Jahitan suami, atau dalam bahasa Inggris dikenal dengan istilah husband stitch, atau daddy stitch, husband's knot atau vaginal tuck, adalah salah satu tindakan pembedahan untuk menambahkan
Jahitan ekstra pada perineum perempuan untuk setelah ia melalui proses persalinan yang menyebabkan perineum robek. Tujuan dari prosedur ini adalah untuk mengencangkan vagina dengan harapan untuk meningkatkan kenikmatan dari pasangan (laki-laki) mereka ketika melakukan hubungan intim. Sampai saat tidak ada bukti dari manfaat prosedur ini. Alih-alih menambah kenikmatan, prosedur ini justru dianggap akan menyebabkan hubungan intim yang menyakitkan bagi perempuan maupun pasangan laki-lakinya.
Prosedur ini sebenarnya bukan prosedur medis resmi. Tidak ada penelitian atau dokumen medis yang membuktikan seberapa sering prosedur ini dilakukan atau berapa banyak perempuan yang pernah melalui prosedur ini.
Komplikasi
Beberapa komplikasi yang dapat dialami perempuan yang menerima
Jahitan suami antara lain:
Munculnya rasa nyeri di area sayatan.
Terjadi pendarahan terus-menerus.
Kebocoran urine atau feses.
Munculnya tanda-tanda infeksi, seperti adanya nanah, bau tidakk sedap, atau lokasi sayatan yang kemudian membengkak.
Munculnya rasa nyeri saat berhubungan intim.

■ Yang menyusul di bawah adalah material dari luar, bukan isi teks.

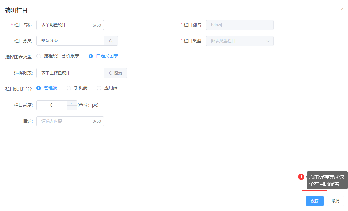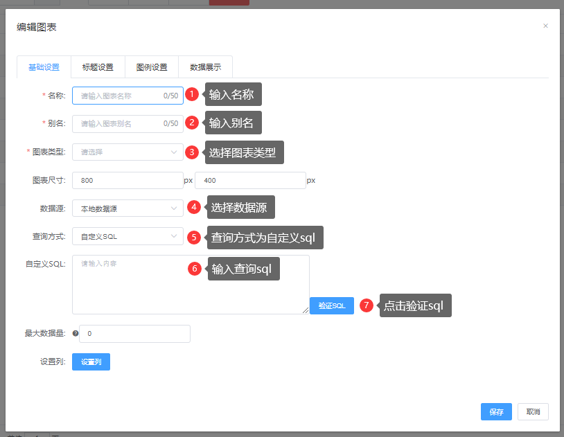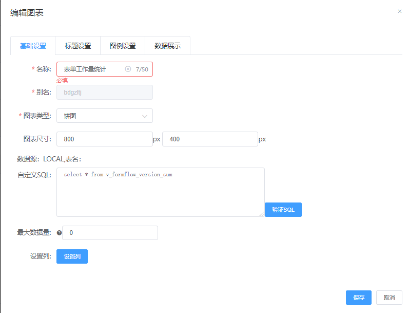 1、 名称:设置图表的名称(必填,填写名称后,别名会根据输入的名称首字母自动生成);

Pembentukan jaringan parut.
Prolaps rahim.
Trauma emosional.
Sejarah
= Sejarah Episiotomi Husband Stitch
=
Sejak sekitar tahun 1920-an, kepercayaan medis populer adalah bahwa episiotomi membuat sayatan lebih bersih yang akan lebih mudah untuk diperbaiki dan disembuhkan dengan lebih baik. Logikanya juga bahwa mendapatkan episiotomi akan mencegah robekan perineum yang lebih buruk. Diperkirakan bahwa lebih dari 60 persen wanita mengalami episiotomi di Amerika Serikat pada tahun 1983. Tetapi mulai tahun 1980-an, penelitian berkualitas tinggi tentang episiotomi dirilis, menunjukkan bahwa episiotomi rutin menyebabkan masalah yang seharusnya dicegah, membuat banyak wanita mengalami trauma jaringan yang lebih parah dan hasil negatif jangka panjang lainnya, termasuk hubungan seksual yang menyakitkan. Pada 2012, hanya 12 persen kelahiran yang melibatkan episiotomi, turun dari 33 persen pada 2002. Episiotomi masih terjadi dan dapat diindikasikan secara klinis dalam beberapa situasi, seperti ketika vakum atau forsep diperlukan. Namun, seringkali, keputusan tentang apakah akan melakukannya tergantung pada pelatihan, preferensi, dan kenyamanan penyedia obstetrik. Studi lain, melihat penggunaan episiotomi rutin di Kamboja, menemukan bahwa keyakinan bahwa "wanita akan dapat memiliki vagina yang lebih kencang dan cantik" adalah alasan yang diberikan oleh penyedia untuk episiotomi rutin. Saat ini, tujuan dari perbaikan vagina bukanlah untuk mengencangkan vulva atau vagina, tetapi untuk menyatukan kembali kulit yang cukup untuk memfasilitasi proses penyembuhan tubuh sendiri.